> Data extract
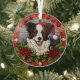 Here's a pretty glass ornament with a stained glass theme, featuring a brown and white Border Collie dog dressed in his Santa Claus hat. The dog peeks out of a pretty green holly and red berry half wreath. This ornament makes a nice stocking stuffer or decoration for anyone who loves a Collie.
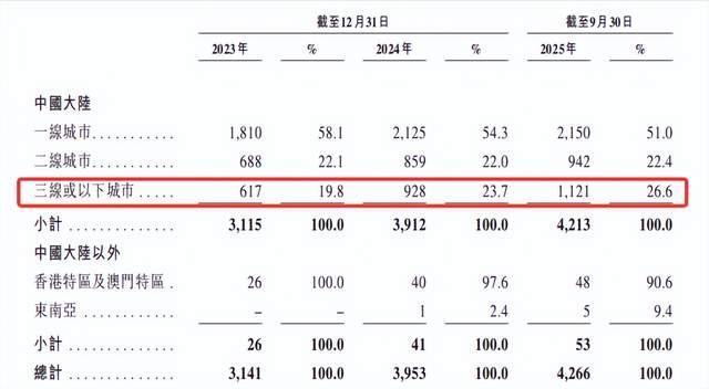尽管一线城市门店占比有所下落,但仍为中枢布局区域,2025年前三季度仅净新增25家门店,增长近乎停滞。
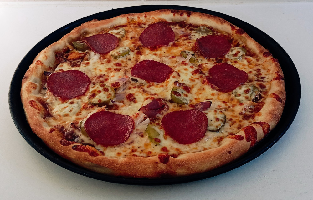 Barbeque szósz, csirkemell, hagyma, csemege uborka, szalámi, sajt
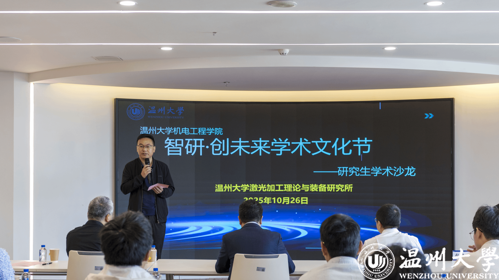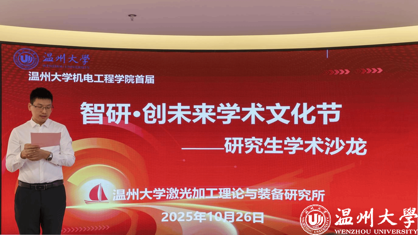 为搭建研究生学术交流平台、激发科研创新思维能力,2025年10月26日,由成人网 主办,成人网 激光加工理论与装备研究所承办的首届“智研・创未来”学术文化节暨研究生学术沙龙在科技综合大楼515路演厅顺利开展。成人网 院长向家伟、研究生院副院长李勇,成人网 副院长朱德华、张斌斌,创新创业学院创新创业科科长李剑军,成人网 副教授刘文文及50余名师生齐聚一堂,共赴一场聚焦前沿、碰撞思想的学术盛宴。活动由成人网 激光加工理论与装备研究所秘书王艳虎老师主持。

==

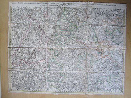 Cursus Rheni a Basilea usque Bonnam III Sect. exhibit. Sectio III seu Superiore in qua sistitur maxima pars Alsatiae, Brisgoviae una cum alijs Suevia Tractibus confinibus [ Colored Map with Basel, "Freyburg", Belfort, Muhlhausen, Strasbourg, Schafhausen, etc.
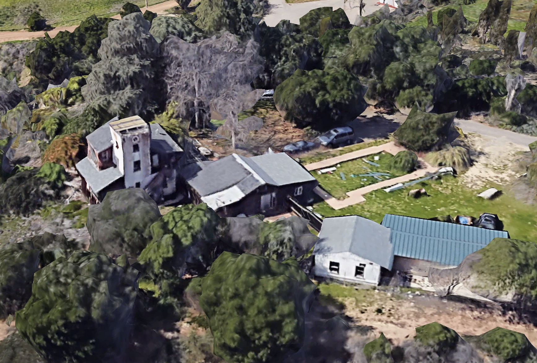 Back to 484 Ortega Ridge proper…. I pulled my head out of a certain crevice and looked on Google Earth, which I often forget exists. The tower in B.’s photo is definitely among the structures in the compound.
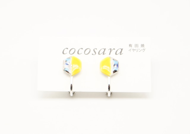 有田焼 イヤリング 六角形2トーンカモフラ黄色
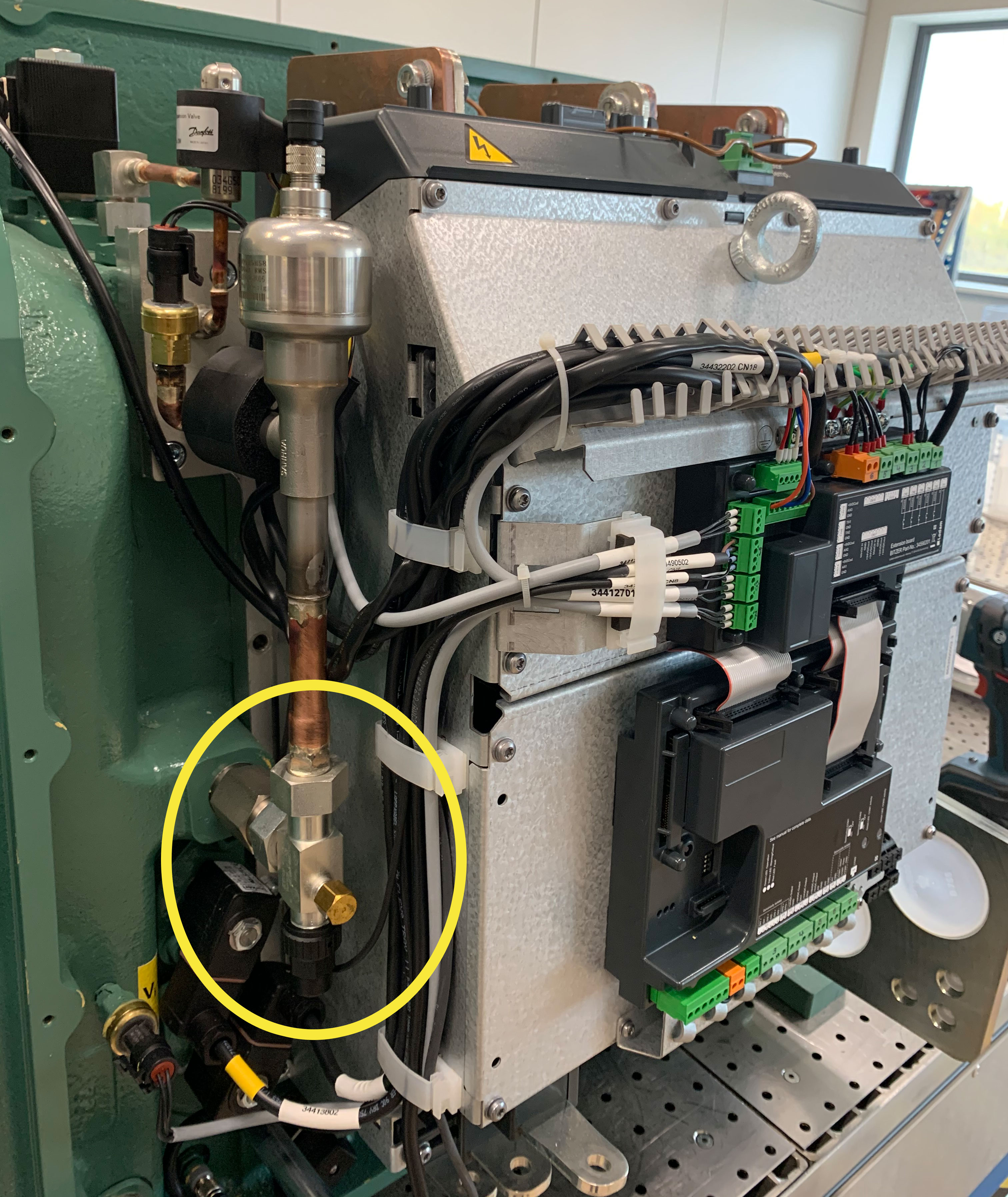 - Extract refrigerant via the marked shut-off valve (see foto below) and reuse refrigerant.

---

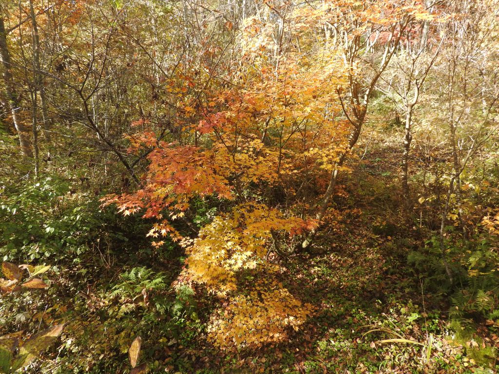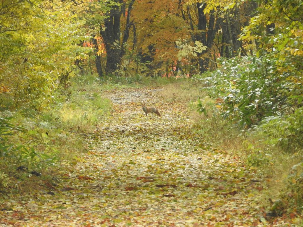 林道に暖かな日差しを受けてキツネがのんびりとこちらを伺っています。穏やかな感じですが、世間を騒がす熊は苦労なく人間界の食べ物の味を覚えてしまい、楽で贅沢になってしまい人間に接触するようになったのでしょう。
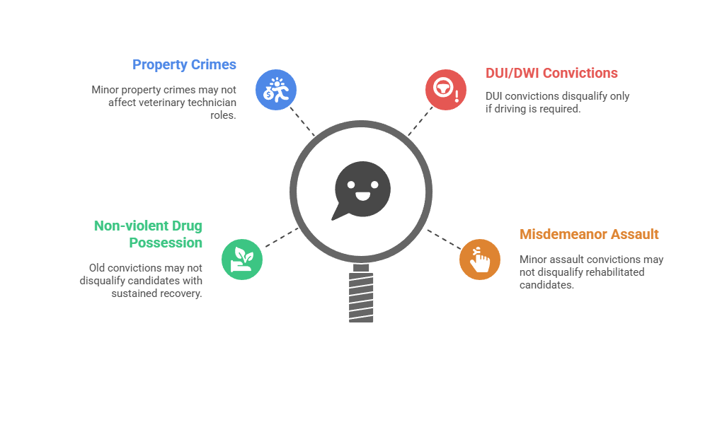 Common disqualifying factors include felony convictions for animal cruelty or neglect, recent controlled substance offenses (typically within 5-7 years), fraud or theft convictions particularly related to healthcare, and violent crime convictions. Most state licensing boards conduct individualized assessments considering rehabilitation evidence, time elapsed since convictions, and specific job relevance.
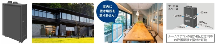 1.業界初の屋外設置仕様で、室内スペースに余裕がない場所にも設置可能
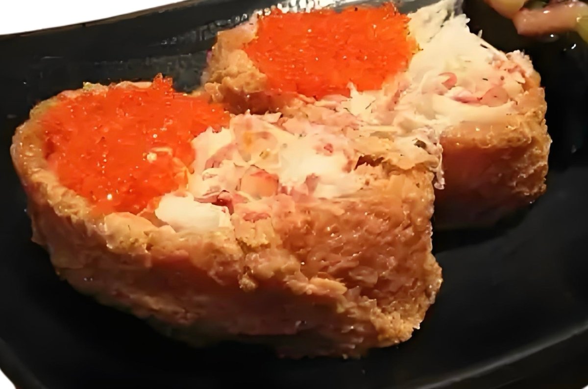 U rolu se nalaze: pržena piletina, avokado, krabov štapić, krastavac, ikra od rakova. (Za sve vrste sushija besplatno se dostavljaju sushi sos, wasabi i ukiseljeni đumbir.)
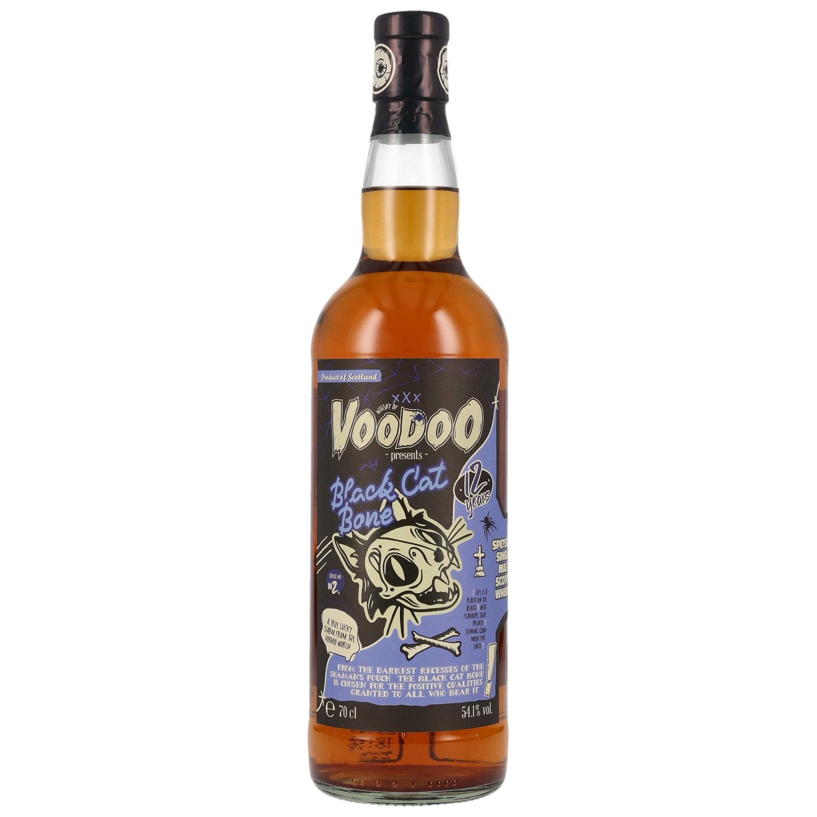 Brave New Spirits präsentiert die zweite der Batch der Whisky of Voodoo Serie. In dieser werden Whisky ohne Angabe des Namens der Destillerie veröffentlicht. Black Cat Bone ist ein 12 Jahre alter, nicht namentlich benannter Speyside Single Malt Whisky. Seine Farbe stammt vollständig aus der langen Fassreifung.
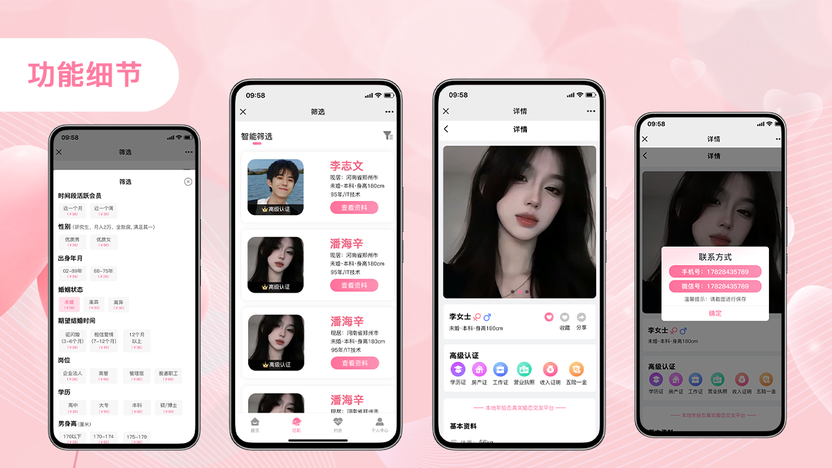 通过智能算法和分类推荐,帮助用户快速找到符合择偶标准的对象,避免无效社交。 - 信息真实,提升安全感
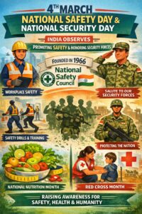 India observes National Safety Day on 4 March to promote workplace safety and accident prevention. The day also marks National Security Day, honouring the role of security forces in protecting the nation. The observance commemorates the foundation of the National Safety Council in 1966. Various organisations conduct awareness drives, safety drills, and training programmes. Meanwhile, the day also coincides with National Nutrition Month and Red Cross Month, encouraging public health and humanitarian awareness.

> Assignment
Reproduce the lines above beginning at the line that contains "1.業界初の屋外設置仕様で、室内スペースに余裕がない場所にも設置可能" and ending at the line that contains "U rolu se nalaze: pržena". No pictures.

> Answer box
 1.業界初の屋外設置仕様で、室内スペースに余裕がない場所にも設置可能
 U rolu se nalaze: pržena piletina, avokado, krabov štapić, krastavac, ikra od rakova. (Za sve vrste sushija besplatno se dostavljaju sushi sos, wasabi i ukiseljeni đumbir.)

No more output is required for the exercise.